The first quarter of the year is the biggest season for many clubs as New Year's resolution-makers try to make good, and Bally isn't the only club -- only perhaps one of the biggest -- to try to take advantage of it via the boob tube.

The ad campaign for Bally (NYSE: BFT) will unveil this week and is titled "The Beautiful Pain," which the company says "leverages humor, humanity and physical results, capturing the passionate feelings only offered by the Bally experience." Debuting will be two 30-second spots, titled "Stories" and "Crosswalk," which were developed by Foote, Cone & Belding, Chicago.

SNEWS View: Bally likely hopes that this campaign, its potential to attract more members or even customers for Bally products, and the inevitable January rush will shift attention from Bally's rather sudden management changes, dropping stock prices as a result, and possible sale, while also pumping up revenues and profits. With Hillman suddenly "retiring" per a Dec. 11 announcement and Paul Toback stepping in as CEO, stock prices took a dive, falling nearly 20 percent in 24 hours. They still haven't totally recovered as of Dec. 23, hovering close to 7.00 from a close the day before the announcement of 8.51.

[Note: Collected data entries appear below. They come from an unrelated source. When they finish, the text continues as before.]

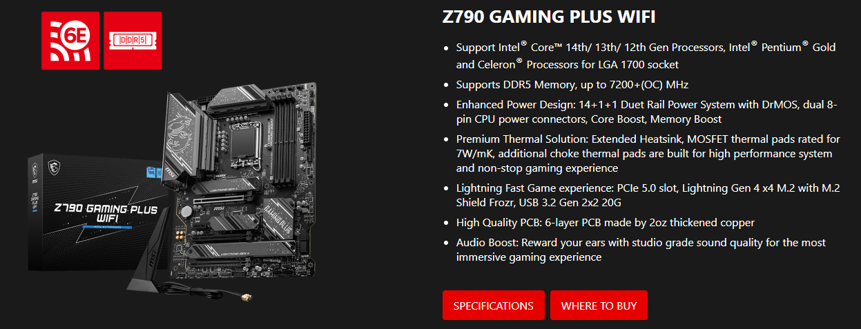 Mua ngay Mainboard MSI Z790 GAMING PLUS WIFI tại BP STORE để nâng cấp dàn PC của bạn lên một tầm cao mới, bứt phá mọi giới hạn.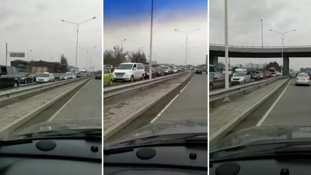 Видео автомобильной пробки на проспекте Райымбека рассылают пользователи WhatsApp. На кадрах видно, что затор растянулся практически до микрорайона Аккент. Из-за строительства развязки возле рынка "Алтын Орда" дорога в этом районе сузилась, поэтому здесь часто наблюдаются заторы, однако сегодня, 18 марта, пробка длиннее обычного.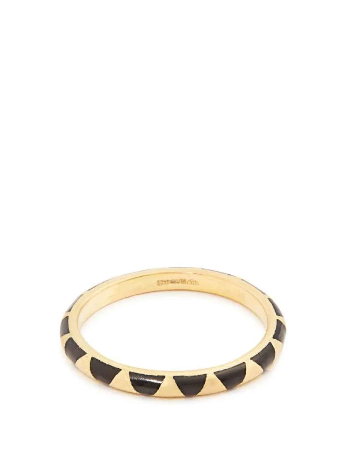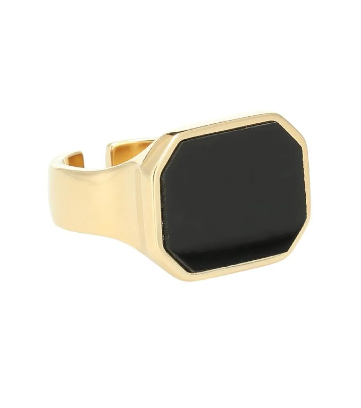 اذا كنت من اللواتي يفضلن المجوهرات الضخمة والكبيرة، فهذا الخاتم من Isabel Marant هو طلبك. فقد جاء باللون الذهبي مع حجر كبير تصدر وجه الخاتم باللون الأسود.

Hillman, 47, had been brought aboard in late 1996 to "turnaround" the ailing and aged chain. And that he did, master-minding a metamorphosis based on aggressive retail, product, programs, e-commerce, and branding strategies, as well as upgraded memberships, renovated clubs and strategic alliances with major corporations. In 1996, operating revenues were $639.2 million, which jumped 15 percent in the following two years to 1998's $742.5 million. Not as if Toback, 39, is a stranger to Bally, having been involved as chief operating officer in many of the company's recent initiatives. Hillman didn't offer personal quotes or insights when he left, leaving the company stating that universal and eyebrow-raising comment that he left "to pursue new challenges and interests" and to spend more time with his family. Now who really believes that one? One problem after the initial boost at Bally was its recent downturn in stock prices, dropping from a 52-week high on April 16 of 24.10. And in its third quarter this year, Bally's profit fell 73 percent to $7.2 million. Toback has been quoted as saying that any changes will be "more evolutionary than revolutionary," whatever that means. It sounds to us as if he has been pushed ahead as another turnaround mastermind who may also find himself "retiring" -- perhaps when the rumored sale actually happens.